Teen retailer Abercrombie & Fitch (NYSE: ANF) swung to a greater-than-expected profit in the second quarter, but the company's quarterly report pointed to an increasingly tough retail environment. Abercrombie, once a staple in every teen's wardrobe, has been hit hard by the economic downturn, as many customers have been forced to trade down to less expensive clothing brands.

Abercrombie was able to beat estimates by significantly discounting merchandise to drive sales. While this certainly helped increase sales, it also cut into the companies margins, which likely had investors selling the stock aggressively yesterday. Abercrombie's average unit revenue for its goods dropped 15% in the second quarter to compensate for less consumer spending power.

Abercrombie competitor Urban Outfitters (Nasdaq: URBN) also reported better-than-expected profit for the second quarter, but unlike Abercrombie the company managed to increase its margins. Urban Outfitters was able to keep its merchandise more fresh, resulting in fewer markdowns and buoying gross margins.

However, the biggest difference between the earnings growth of these two retailers has been a story of effective inventory management. While Urban Outfitters has been effective, increasing inventory by only 12% in the second quarter, Abercrombie saw an increase of 47%. This should add further pressure to Abercrombie's margins as more discounting will be necessary to effectively reduce this inventory overhang.

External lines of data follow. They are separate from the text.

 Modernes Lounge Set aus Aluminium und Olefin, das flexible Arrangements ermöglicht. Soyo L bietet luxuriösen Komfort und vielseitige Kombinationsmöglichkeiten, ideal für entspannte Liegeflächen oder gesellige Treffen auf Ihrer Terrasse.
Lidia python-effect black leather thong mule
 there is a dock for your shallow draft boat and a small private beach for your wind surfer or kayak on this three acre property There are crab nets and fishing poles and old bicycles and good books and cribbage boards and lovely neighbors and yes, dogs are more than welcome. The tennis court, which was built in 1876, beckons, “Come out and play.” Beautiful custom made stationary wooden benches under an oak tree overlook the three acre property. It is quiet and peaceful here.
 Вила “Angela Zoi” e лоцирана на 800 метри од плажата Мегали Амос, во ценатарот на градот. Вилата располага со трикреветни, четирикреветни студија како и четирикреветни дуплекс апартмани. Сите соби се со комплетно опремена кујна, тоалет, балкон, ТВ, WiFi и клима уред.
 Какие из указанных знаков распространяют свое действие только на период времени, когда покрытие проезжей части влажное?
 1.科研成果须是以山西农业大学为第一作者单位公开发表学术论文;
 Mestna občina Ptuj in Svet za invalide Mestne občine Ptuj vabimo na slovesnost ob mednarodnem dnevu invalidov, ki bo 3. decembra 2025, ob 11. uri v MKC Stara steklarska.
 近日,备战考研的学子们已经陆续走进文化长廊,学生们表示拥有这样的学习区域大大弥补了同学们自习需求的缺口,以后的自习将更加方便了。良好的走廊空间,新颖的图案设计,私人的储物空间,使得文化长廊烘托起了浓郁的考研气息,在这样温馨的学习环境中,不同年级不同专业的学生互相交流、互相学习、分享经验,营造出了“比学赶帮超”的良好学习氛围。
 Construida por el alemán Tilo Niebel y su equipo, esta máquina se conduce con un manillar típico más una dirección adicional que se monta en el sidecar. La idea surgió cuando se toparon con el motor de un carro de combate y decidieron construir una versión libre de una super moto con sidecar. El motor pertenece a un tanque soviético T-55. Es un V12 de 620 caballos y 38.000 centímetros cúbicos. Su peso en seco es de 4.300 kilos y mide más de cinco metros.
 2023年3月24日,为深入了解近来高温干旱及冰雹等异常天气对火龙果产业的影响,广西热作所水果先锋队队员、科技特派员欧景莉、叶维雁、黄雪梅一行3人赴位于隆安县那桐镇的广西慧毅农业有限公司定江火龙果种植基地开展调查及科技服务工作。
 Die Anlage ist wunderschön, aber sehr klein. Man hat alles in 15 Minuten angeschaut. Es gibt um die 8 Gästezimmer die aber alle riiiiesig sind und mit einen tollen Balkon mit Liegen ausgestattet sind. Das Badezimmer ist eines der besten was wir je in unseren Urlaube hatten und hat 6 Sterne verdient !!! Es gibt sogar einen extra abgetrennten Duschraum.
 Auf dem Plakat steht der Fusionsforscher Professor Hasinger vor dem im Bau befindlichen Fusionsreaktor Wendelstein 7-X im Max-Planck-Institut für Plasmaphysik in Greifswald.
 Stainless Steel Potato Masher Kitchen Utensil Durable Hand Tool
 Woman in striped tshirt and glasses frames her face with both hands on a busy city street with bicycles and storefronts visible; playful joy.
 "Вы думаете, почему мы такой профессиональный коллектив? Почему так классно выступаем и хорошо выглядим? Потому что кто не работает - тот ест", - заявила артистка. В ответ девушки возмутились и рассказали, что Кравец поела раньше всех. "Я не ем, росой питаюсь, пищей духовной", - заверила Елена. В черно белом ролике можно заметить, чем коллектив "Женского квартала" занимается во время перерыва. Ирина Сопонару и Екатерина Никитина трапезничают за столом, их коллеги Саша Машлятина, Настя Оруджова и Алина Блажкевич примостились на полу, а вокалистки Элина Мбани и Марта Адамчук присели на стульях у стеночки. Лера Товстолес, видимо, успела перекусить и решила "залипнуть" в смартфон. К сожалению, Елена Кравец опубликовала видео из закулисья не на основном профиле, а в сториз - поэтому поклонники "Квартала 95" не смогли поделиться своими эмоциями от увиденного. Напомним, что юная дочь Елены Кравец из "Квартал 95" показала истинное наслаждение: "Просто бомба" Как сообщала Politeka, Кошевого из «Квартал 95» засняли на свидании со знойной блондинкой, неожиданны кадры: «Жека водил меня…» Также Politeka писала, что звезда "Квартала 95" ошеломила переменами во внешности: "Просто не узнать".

Yesterday, Gap (NYSE: GPS) beat earnings expectations with EPS gains of 10%, while Aeropostale (NYSE: ARO) merely met expectations with a 22% boost. Sales at Gap were up 2%, while those at Aeropostale climbed 9%. Although margins ticked up, Aeropostale provided third-quarter earnings guidance that fell below Wall Street estimates. Gap saw margins off 10 basis points. While the strong clothing retailers held their own, premium-priced Abercrombie has simply had to lower prices to compete at all, it seems. And more price competition will make it tougher for everyone.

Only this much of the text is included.